CHP bunların iptali için Anayasa Mahkemesi’ne başvurdu.. Dikkatinizi çekerim, yasanın tümüne değil, bazı maddelerine..

Nedir onlar?

- Sandık kurulu başkanının belirlenme usulü.. Kamu görevlisi olmayanın başkan olamaması..

- Cumhurbaşkanı ile milletvekili oy pusulalarının aynı zarfa konulması..

- Mühürsüz oy pusulalarının kabul edilmesi..

- Vatandaşa sandık başına polis çağırma yetkisi verilmesi..
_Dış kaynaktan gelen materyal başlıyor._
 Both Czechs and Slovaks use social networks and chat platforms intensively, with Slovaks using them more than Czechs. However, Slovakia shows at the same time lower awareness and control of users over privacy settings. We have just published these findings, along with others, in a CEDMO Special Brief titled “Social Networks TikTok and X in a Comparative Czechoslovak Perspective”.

- Aynı binadan oturanların farklı sandıklara dağıtılması..

- Seçim güvenliği açısından sandıkların en yakın seçim bölgesine taşınması, sandık bölgelerinin birleştirilmesi, seçmen listelerinin karma düzenlenmesi..

***

Anayasa Mahkemesi ilk incelemeyi yarın yapacak.. İptal istemini görüşmek için gün belirleyecek..

Soru şu..

AYM yasanın bu maddelerini iptal edilse ne olur?

Seçim etkilenir mi?

Seçim tarihi değişir mi?

Hayır.. Çünkü iptali istenen maddeler sandığa gidişi etkileyecek maddeler değil..
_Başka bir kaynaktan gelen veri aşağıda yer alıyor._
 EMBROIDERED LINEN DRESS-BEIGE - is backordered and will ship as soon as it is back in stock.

Bu düzenlemeler yokken de Türkiye çok sayıda seçim yaptı..

Hem de en ufuk şaibeye yer vermeden..

***

Mesela, cumhurbaşkanı oy pusulası ile milletvekili oy pusulasının ayrı zarfa konulması seçimi etkilemez..

Mesela, oy pusulalarında sandık kurulunun mührü olması şartı seçimin yapılmasına engel değil..
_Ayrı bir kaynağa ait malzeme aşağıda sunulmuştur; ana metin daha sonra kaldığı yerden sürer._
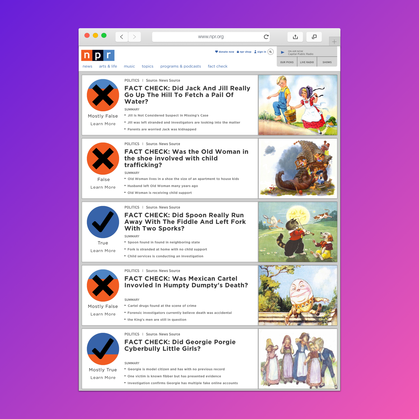 Design an NPR platform that makes it easy for users to identify and edcuate themselves about fake news topics.

Aslında bu yetki seçim kurullarında..

Oy pusulalarına sandık mührü vurulması unutulursa, partiler itiraz ediyor, il veya ilçe seçim kurulunun kararıyla oy pusulaları geçerli sayılıyordu..

Bugüne kadar büyük problem yaşanmadı..

YSK referandumda ülke çapında bu kararı alınca büyük mesele oldu.. Mühürsüz oy meselesi Türkiye’nin gündemine oturdu..

Vatandaşa polis çağırma yetkisi verilmesi de çok tartışılan maddeler arasında.. Sandık başkanı, başkan vekili dururken vatandaşa bu yetkinin verilmesinin nedeni anlaşılmadı..

***

Haa şu da var..

AYM bu maddeleri iptal ederse AKP/MHP ittifakı Meclis’ten hızla yeni bir yasa daha çıkarır mı?

Çıkarırsa ne olur?

CHP yeniden Anayasa Mahkemesi’ne gider mi?

Giderse ne olur?

Yanıt bekleyen sorular bunlar..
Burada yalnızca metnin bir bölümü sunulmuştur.